But the system’s greatest value would be the data it assembled on each individual consumer, because the data would enable publishers to sell their advertising inventory at premium rates to advertisers seeking to target their messages to the most likely consumers.

ViewPass is designed to complement, rather than compete with, existing ad networks. Each page rendered to a ViewPass member would provide the networks serving ads to participating publishers with richer, more accurate data about that viewer.

The data would enable superior ad targeting, thereby improving consumer response. Improved response would generate higher CPMs, boosting revenues as advertisers competed for access to the availabilities.

It is important to note that the information offered to the ad networks would not identify individuals, thus protecting their privacy.

Based on the models Ridgely and I have constructed in consultation with a number of newspapers, we believe the enriched customer data potentially will enable publishers to more than double their ad rates.

In addition to lifting their revenues, industry leaders could improve their profitability by owning ViewPass in a co-operative type of structure that would enable them to share in the profits of the business each year after covering the cost of the operation.

This, of course, would be a major improvement over what they could hope to achieve by working with what almost certainly would be a fragmented collection of third-party vendors, each of whom would naturally expect to make a profit from providing similar services

Taking into account the improvements in revenues and profits discussed above, we believe the industry could rapidly triple its online margins by adopting ViewPass.

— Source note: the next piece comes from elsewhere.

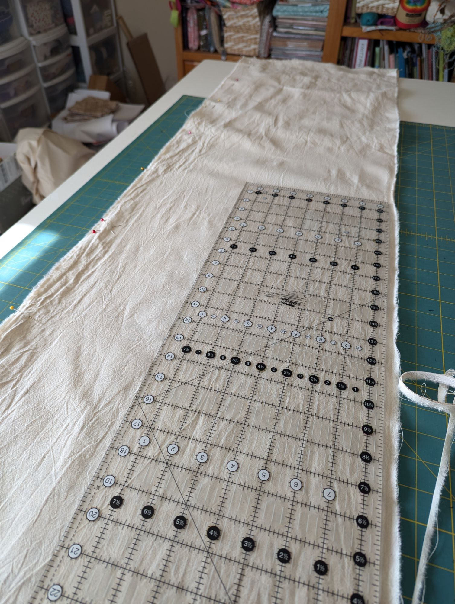 I am going to try my hardest to get some actual sewing done this week. The fabric for the band fundraiser table runners is here and I’ve pre-washed it all and am in the middle of cutting it to size. I’m a little optimistic that I might get these done quickly.
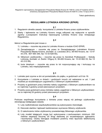 REGULAMIN LOTNISKA KROSNO (EPKR)

In addition to me, the three-member panel meeting with the publishers in Chicago included Jim Pitkow of Attributor, who has developed a system for identifying websites that are poaching copyrighted content, and Steve Brill of Journalism Online, who is advocating the industry-wide adoption of a system he hopes to build to enable the sale of content for cash.

The Attributor solution, as discussed here, could be reasonably effective in policing copyright abuse. But a more positive approach to copyright compliance would be welcoming the broadest number of websites into the ViewPass system, where each participating site would be motivated to respect copyright to protect the value of everyone’s content.

The ViewPass carrot would be greater revenue for participating publishers. The stick for copyright violators (the detection of whom could easily be provided by a partner such as Attributor) would be the sanction of being booted off the ViewPass network.

The approach advocated by Journalism Online seems to be a concerted campaign to force consumers to subscribe to online content after some 15 years of getting it for free.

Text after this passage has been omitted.